I was bleeding heavily while blacking out, so I thought I was dying. But what happened to me for the next two years made the accident look like a bag of sweets. I’ll tell you what’s really frightening: disappearing in front of yourself.


Something went wrong in me that day – I just wasn’t right after it for a while. That was in November and the following June I had a terrible breakdown which lasted two years.

I was a healthy man before the accident – I don’t drink or smoke. But I went from 17 stone down to 12 stone and was pure skeleton, stuck in my room and refusing to come out.

The only way to describe it was I had this voice all the time telling me to sleep and stay in the dark. There was all this energy in me from the neck down and from the head up there was nothing.

And then, it just hit me one day. I looked in the mirror and said, “You bastard, you’re getting no more of me.” And out I came, the recovery started from that day.

I never stopped walking and pulling things behind me. I did any bit of exercise to make me exhausted from the neck down.

I was a farmer for my whole life, so I had never experienced this boredom before. I worked 17 or 18 hours a day and was used to sleeping from exhaustion.

It was a bad time, but here we are and I’m in a new business now, designing sports and warm-up equipment like the ProFitstick.

The business actually started in rehab. I was in Beaumont Hospital five days a week for an hour and there were five other guys recovering from different accidents.

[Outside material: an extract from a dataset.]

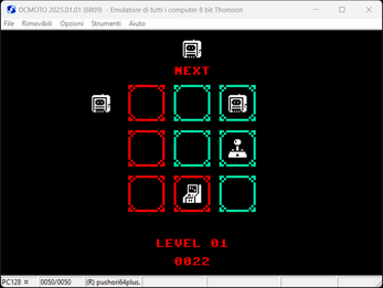 PUSHORI64+ is a game written in ugBASIC and that runs on various 8-bit home computers like AMSTRAD CPC 664, ATARI 400/800, COLECOVISION, COMMODORE 128, COMMODORE 64, MSX, OLIVETTI PRODEST PC128, SEGA SG-1000, SEGA SC-3000, THOMSON MO5, TANDY CORP. COLOR COMPUTER 3, ZX SPECTRUM 48K.
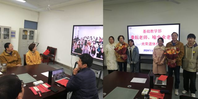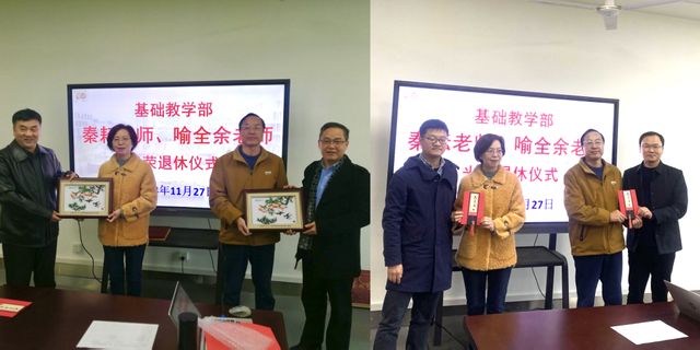 本网讯 11月27日,机械与汽车工程学院在学院基础教学部党员活动室为喻全余、秦耘两位老师举办荣退仪式,学院党委书记魏长顺、院长王建平,分工会主席秦广虎以及基础教学部全体教师参加了仪式。仪式由基础教学部副主任徐锐博士主持。

I couldn’t understand why the gear they were giving us to help build up strength was no good. My arm was down – it wouldn’t move left, right or anywhere.

And the tools they were giving us were all rigid and I said, “Have you nothing that bends so I can move my arm.” The nurse said they didn’t, so I decided I would make my own.

017 Source: Ken Meaney

Big move

We decided we needed to get out of Rush after the accident, so I moved to Kilkenny and bought a house down there because that’s where my wife is from.

Watching my land and tractors being worked by other people in Rush was tough and that meant I wasn’t getting better. It was all a constant reminder of what I lost.

My friend who was also selling parsnips to Tesco took over the entire business. He’s a young lad with loads of energy, so he’s now looking after Dunnes Stores, Supervalu and all that we were doing.

I’d say getting out of Rush was 99% of my recovery. It all sped up after that because the very day I landed here in Kilkenny, I knew I was on the road to getting better.

Moving down here has also helped me go back to college in IT Carlow, which I did in 2015 to design the ProFitstick.

I had made prototype in my shed but to get the pieces made in China, it had to be designed in 3D so we could send the specs abroad for manufacturing.

I have six different products in total to go on the market, and the only place I could get all that done was back in college.

So I did two years there designing all the products and now we’ve released the ProFitstick and brought out the ProFitstick Massage Roller in August.

I’ve also designed a putting aid for golfers and have the first prototype, but it’s not patented because I don’t have the money to do that. Hopefully I’ll get an investor in to help me with it.

I’m in 11 McGuirks Golf shops and in the six Halpenny Golf Stores – and I’m hopefully getting into Elverys Sports shops in the new year. Now it’s just about getting financial backing and enough stock.

Richard Weldon is the founder of ProFitstick. This article was written in conversation with Killian Woods as part of a series on unlikely entrepreneurs.